Banyak sekali pertanyaan yang sebentar lagi akan terjawab. Ia juga ingin mencoba, apakah mungkin menyambungkan kembali tangan adiknya yang putus.
Sampai di depan Hotel Peninsula, Fang Tianya menarik napas dalam-dalam, membawa tas berisi tulang tangan berwarna biru, lalu masuk ke dalam.
Di depan sebuah kamar suite, Fang Tianya menekan bel.
Pintu terbuka, dan seorang sosok yang cukup dikenalnya muncul di depan pintu. Di hari yang panas itu, tangan kirinya tetap tertutup sarung tangan tebal.
“Loka, kaukah itu? Ini aku, kakakmu.” Fang Tianya langsung masuk dan memeluk adiknya. Setelah sekian lama, akhirnya mereka bersatu kembali.
“Kakak? Kakak baik-baik saja, syukurlah.” Loka sangat terharu, memeluk kakaknya dengan satu tangan. “Kukira aku salah merasakan.”
“Akhirnya aku menemukanmu, Loka. Apa yang terjadi dengan tanganmu?” Fang Tianya memegangi tangan kiri adiknya, membuka sarung tangan, ternyata itu lengan mekanik.
“Kak, itu sudah jadi masa lalu. Bagaimana denganmu selama ini? Apakah kau juga terluka?” Loka menghindari pembicaraan tentang tangannya yang putus.
“Aku baik-baik saja. Oh ya, aku bertemu orang-orang Yidu Jian, mereka mengejar sampai ke Bumi, untungnya berhasil dihalau oleh organisasi MIB di sini. Bumi sudah tidak aman, kita harus segera pergi, cari tempat yang tidak bisa ditemukan Yidu Jian,” kata Fang Tianya cepat-cepat.
Bertukar cerita dengan adiknya bukan prioritas sekarang, yang utama adalah pergi secepat mungkin. Yidu Jian sangat berbahaya, seluruh planet Darah Biru mereka saja bisa dimusnahkan.
“Apa?! Yidu Jian mengejar ke sini? Kak, justru kita tidak boleh pergi. Masih ada MIB yang membantu, setelah pergi nanti, siapa lagi yang bisa membantu kita?” Loka menggenggam tangan Fang Tianya. “Kak, benarkah MIB sangat hebat? Mereka berhasil mengusir anak buah Yidu Jian?”
“Bukan sekadar mengusir, tapi membunuh.
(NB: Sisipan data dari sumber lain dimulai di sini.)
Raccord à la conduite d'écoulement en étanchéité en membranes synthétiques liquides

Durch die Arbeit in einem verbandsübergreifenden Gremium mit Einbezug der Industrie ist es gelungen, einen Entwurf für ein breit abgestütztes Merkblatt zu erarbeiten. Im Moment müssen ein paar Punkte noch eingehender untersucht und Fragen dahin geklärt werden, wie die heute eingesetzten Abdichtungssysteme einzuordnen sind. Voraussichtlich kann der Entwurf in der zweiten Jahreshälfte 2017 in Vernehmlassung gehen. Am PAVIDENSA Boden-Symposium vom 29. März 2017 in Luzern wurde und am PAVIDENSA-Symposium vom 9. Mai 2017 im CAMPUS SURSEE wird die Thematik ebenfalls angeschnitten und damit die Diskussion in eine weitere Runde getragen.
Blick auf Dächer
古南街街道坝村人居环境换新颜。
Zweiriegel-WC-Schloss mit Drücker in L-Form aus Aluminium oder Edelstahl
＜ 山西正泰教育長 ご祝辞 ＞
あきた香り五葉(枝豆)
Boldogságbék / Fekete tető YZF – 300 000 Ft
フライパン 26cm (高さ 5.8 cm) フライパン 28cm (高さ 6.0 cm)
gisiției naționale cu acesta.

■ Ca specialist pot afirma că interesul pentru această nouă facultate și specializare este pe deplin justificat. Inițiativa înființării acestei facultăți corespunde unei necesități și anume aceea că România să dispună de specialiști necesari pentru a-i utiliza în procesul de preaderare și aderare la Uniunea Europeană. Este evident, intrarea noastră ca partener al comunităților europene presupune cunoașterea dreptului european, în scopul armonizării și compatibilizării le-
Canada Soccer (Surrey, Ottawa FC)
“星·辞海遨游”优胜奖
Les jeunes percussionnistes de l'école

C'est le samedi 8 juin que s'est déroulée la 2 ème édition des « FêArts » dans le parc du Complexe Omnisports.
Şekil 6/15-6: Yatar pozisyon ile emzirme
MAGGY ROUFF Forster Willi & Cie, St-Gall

Seorang agen dengan sandi F membunuh Ruipu dan Kaier, kekuatannya luar biasa, tapi jelas tak mungkin menahan Yidu Jian, tak ada yang bisa menahan Yidu Jian.”
“Kak, kalau begitu bagaimana kalau kita membantu MIB? Dengan teknologi dari Injil Darah Biru, kita bisa membantu MIB memperkuat diri untuk melawan Yidu Jian. Kita juga bisa mempelajari teknik di dalamnya, meningkatkan kekuatan kita sendiri, benar-benar mewujudkan kekuatan darah biru.”
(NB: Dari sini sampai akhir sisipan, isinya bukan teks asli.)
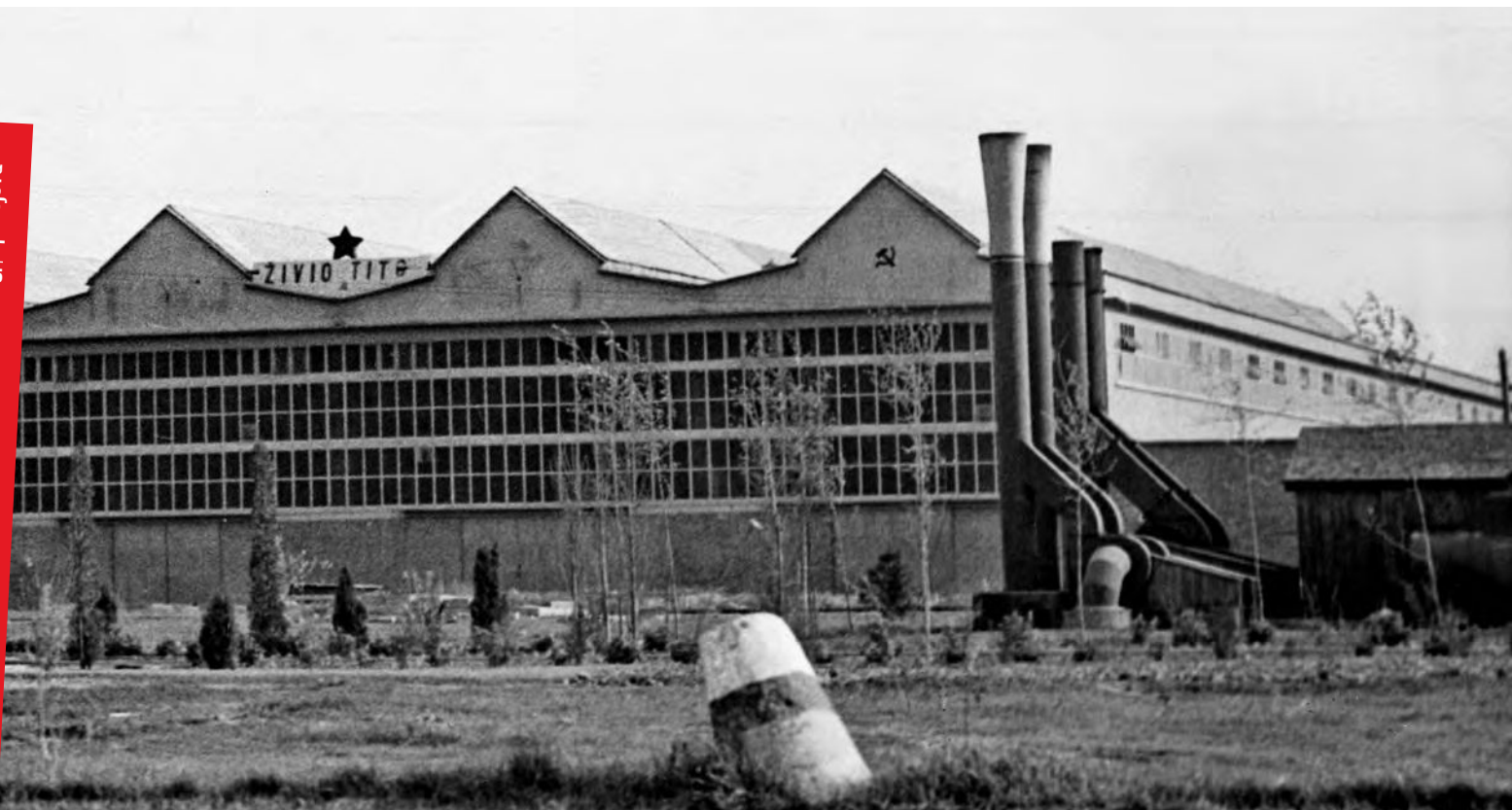
Zgrada uprave i glavna hala tvornice Jedinstvo , presnimka fotografije, Zagreb, 1954.

reviziju Petogodišnjeg plana. Investicije su usmjerene prema obrani i dovršetku izgradnje industrijskih sklopova od saveznog značaja, a rok za okončanje Plana pomaknut je na 1952. godinu. Zaokret 1948. godine utjecao je na prioritete i tempo provedbe Petogodišnjeg plana, što se odrazilo izmjenama proizvodnih programa državnih poduzeća. Izmjene programa proizvodnje utjecale su na preinake projekata industrijskih sklopova u različitim fazama izgradnje. Tek je dio sklopova bio dovršen prema izvornim zamislama projekatana. Većina je pretrpjela preinake, pri čemu je izgradnja pojedinih pogona i objekata nerijetko prolongirana, a ponekad i posve odbačena novim planovima. Odras vanjskopolitičkog preokreta 1948. godine na industrijalizaciju bio je najizazovniji dio pri izradi scenarija izložbe. Zbog ograničenog prostora na izložbi je prezentiran tek dio informacija o utjecaju tog prevratnog događaja na proces izgradnje industrijskih sklopova. Više informacija iznijet ću u finalnoj publikaciji projekta Zagrebačka industrijska baština: povijest, stanje, perspektive .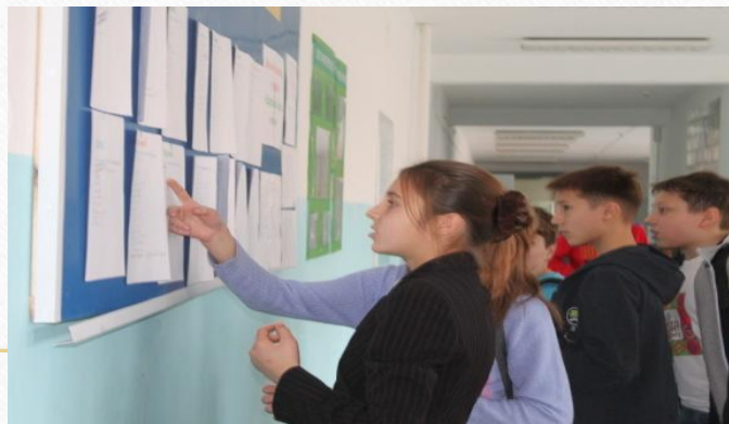
Составление ИОП на день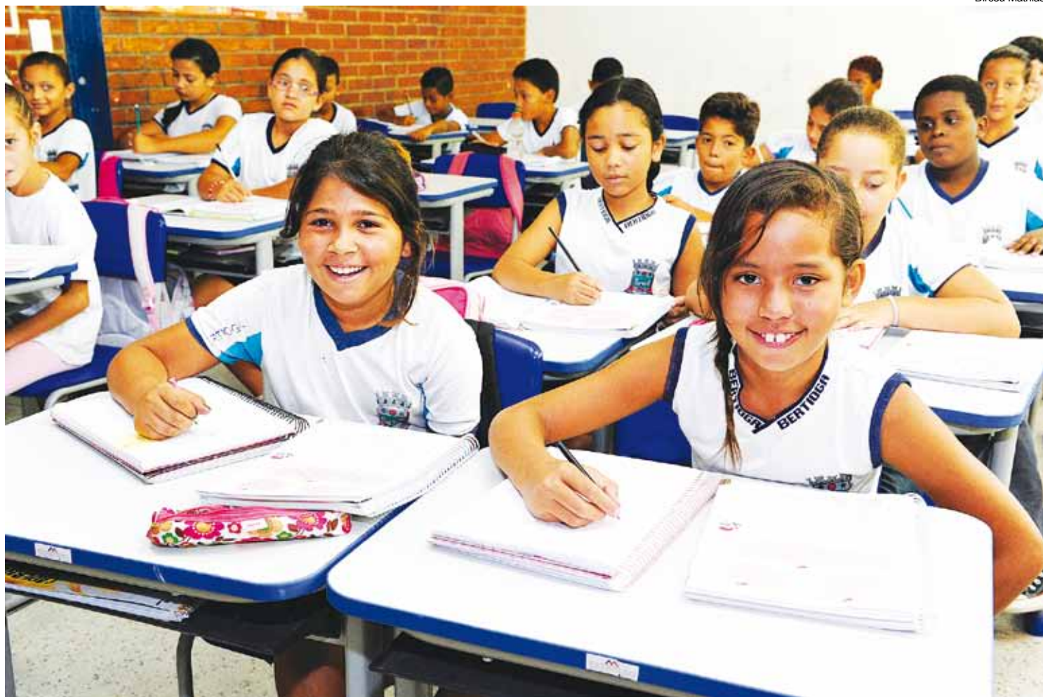
O resultado apontou que Bertioga apresentou maior evolução geral no Ideb, entre as redes municipais de ensino

Na avaliação do secretário municipal de Educação, esse resultado cumulativo

Ekspresi Fang Tianya ragu. Injil Darah Biru, itulah salah satu alasan kehancuran planet mereka. Tapi itu adalah pusaka bangsa mereka, mana mungkin dibuka untuk manusia Bumi?
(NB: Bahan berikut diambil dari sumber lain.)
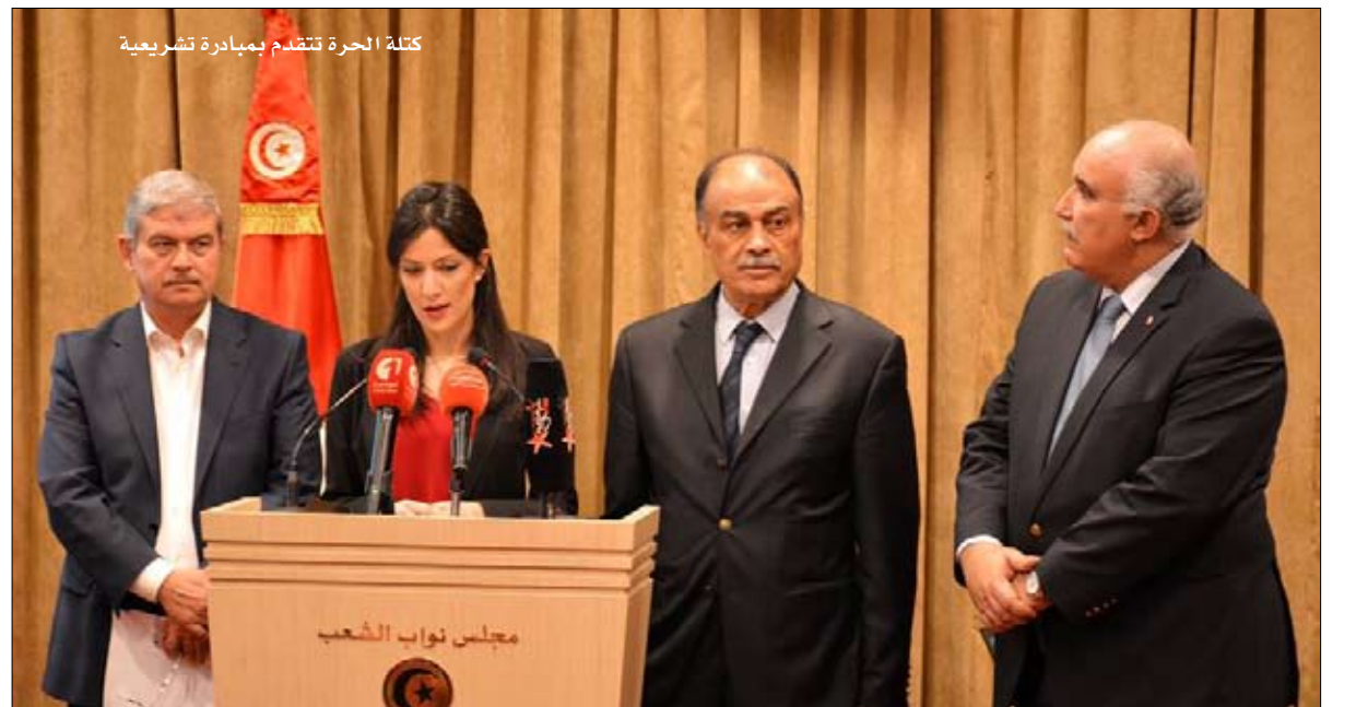
كتلة الحرة تتقدم بمبادرة تشريعية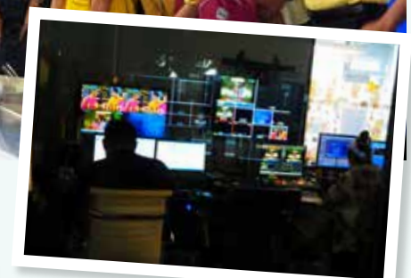
บริษัท เอไอเอ็ม มีเดีย (ดีก GMM Grammy) และช่อง One HD

“Kak, bukankah Injil Darah Biru ada padamu? Keluarkanlah. Dengan itu, kita bisa melawan Yidu Jian. Kau mau seumur hidup kita mengungsi tanpa tujuan?”
“Tanpa bantuan MIB, bahkan pesawat luar angkasa pun kita tak punya, bagaimana meninggalkan Bumi? Apa kau ingin hidup dalam ketakutan selamanya? Tak ingin membalaskan dendam untuk orang tua dan keluarga kita, untuk semua rakyat Darah Biru?”
“Kita adalah bangsawan planet Darah Biru, membalas dendam adalah tanggung jawab dan misi kita. Kak, kita tak boleh mundur. Dulu kita lemah, tapi sekarang berbeda, inilah kesempatan terbaik kita.”
Loka tampak sangat bersemangat, seperti tak akan berhenti sebelum membunuh Yidu Jian.
...
L terus memantau lokasi Fang Tianya. Kenapa dia pergi ke Hotel Peninsula? Sayang, di dalam hotel mereka tak bisa menggunakan satelit pemantau.
Tunggu, lokasinya bergerak lagi, dia keluar bersama seseorang. Siapa orang yang menggandeng tangannya itu?!